Novak and Weigel Discuss
Iraq 2003 and Syria 2013 (1960)
by JOAN FRAWLEY DESMOND
When President Obama addressed the nation on Sept. 10 to explain his response to a reported chemical-weapons attack in Syria, he vowed not to repeat the mistakes made by his predecessor, George W. Bush, who has been vilified for approving the 2003 invasion of Iraq, which is still mired in political violence a decade afterwards.
Thus the president defended his new two-track Syria policy — which includes an agreement to place President Bashar al-Assad’s chemical weapons under international control — and a backup plan for a “narrow” military strike to deter future use of chemical weapons as evidence of his prudent style of leadership. His remarks sought to tamp down public skepticism by insisting that the intelligence on Assad’s alleged sarin-gas attack was credible and that a modest mission, with no “boots on the ground,” would keep the U.S. out of another foreign war.

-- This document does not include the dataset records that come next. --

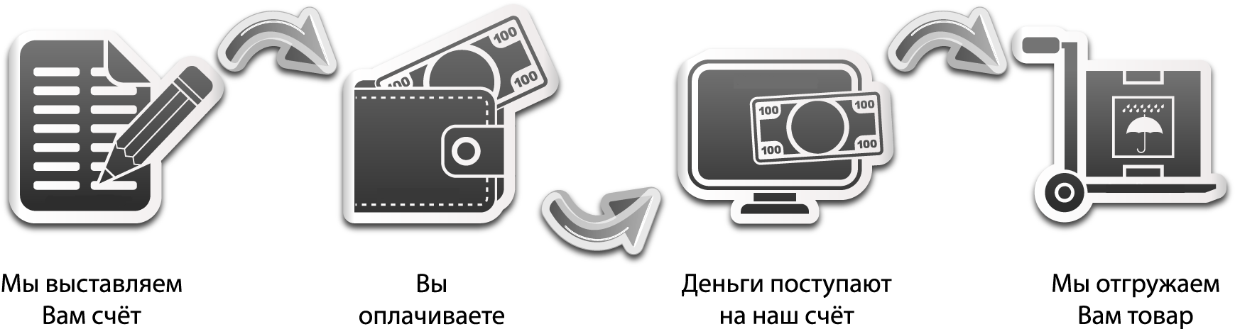 Безналичный расчёт возможен как для юридических, так и для физических лиц. Оплата производится на расчётный счёт компании, на основании сформированного счёта.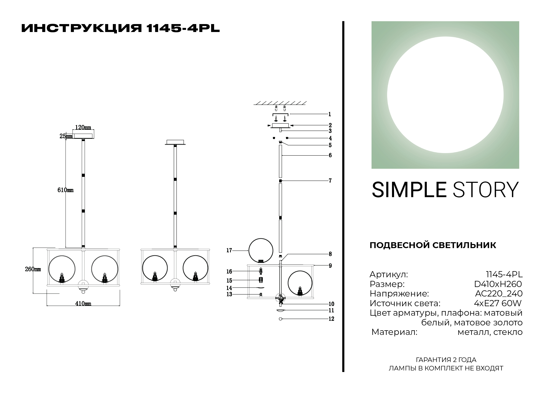 Производитель Simple Light Артикул 1145-4PL Страна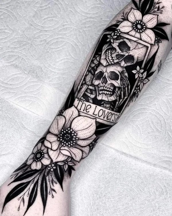 欧美花臂纹身_22张霸气黑灰欧美大黑花臂纹身图案作品图片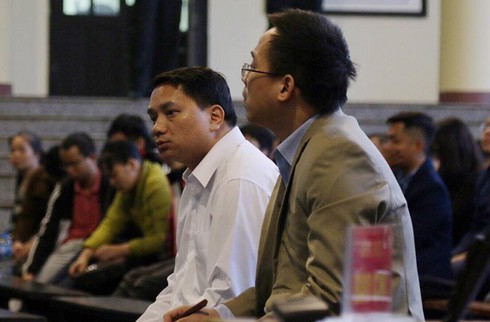 Ông Hoàng Xuân Phóng và Nguyễn Huy Lục nghe Chủ tọa phổ biến quyền và nghĩa vụ của người làm chứng. |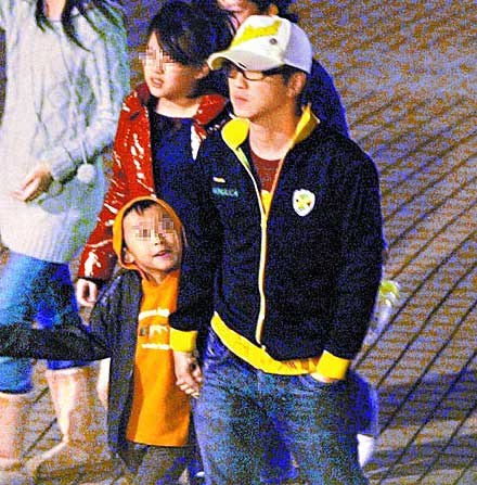 哈林(右)父兼母職牽著兒子出門逛街,小哈利開心地望著爸爸。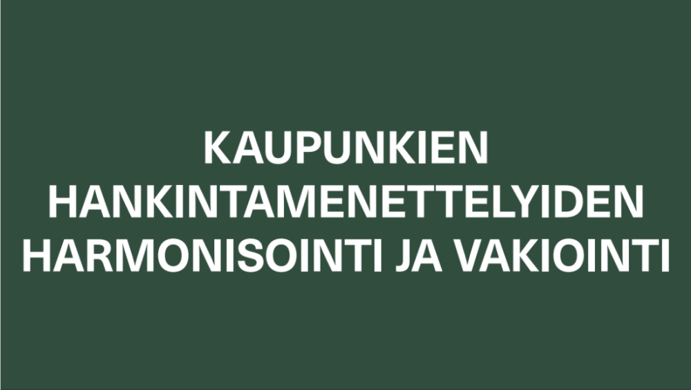Kaupunkien hankintamenettelyt ovat melko kirjavia. Saman kaupungin sisälläkin eri henkilöt saattavat tehdä hankinnan eri tavalla. Tässä selvityksessä on kartoitettu kuntien hankintakäytäntöihin ja toteutusmuotoihin liittyviä nykykäytänteitä ja niissä koettuja haasteita. Lopputulemana on esitetty, mitä hankinta- ja sopimuskäytäntöjen osalta on mahdollista vakioida ja harmonisoida eri kaupungeissa, jotta samankaltaisissa tilanteissa eri kaupungeilla on samanlaiset menettelytavat tai sopimusehdot. Tämä helpottaa niin tilaajina toimivien kaupunkien viranhaltijoita kuin myös palveluntuottajina toimivia urakoitsijoita. Pidemmällä aikavälillä tämä tuo ennakoitavuutta osapuolten toimintaan.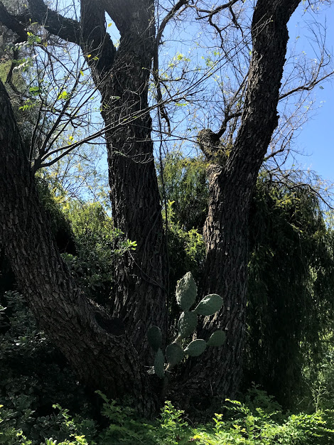 Cacti are hardy plants. They have to be, given where they grow. Here is a prickly pear that grows right out of the trunk of a tree. I love nature…..
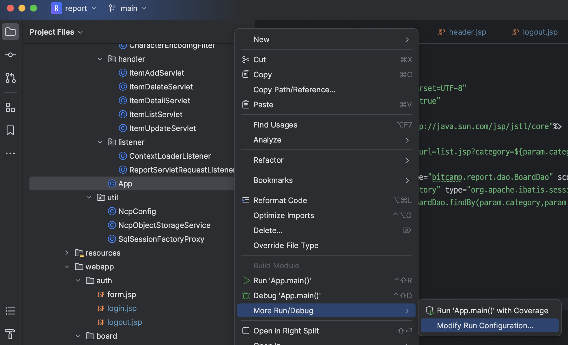 ㄴ App.java 우클릭 > More Run/Debug > Modify Run Configuratioin... 선택

But the influential Catholics who once supported Bush’s policy a decade ago possess a different view of that fateful decision to invade Iraq.
Public intellectuals like George Weigel, who has written extensively on the moral and prudential principles guiding the conduct of war, still defend the broader mission of Bush’s policy in Iraq, while critiquing Obama’s present policy on Syria.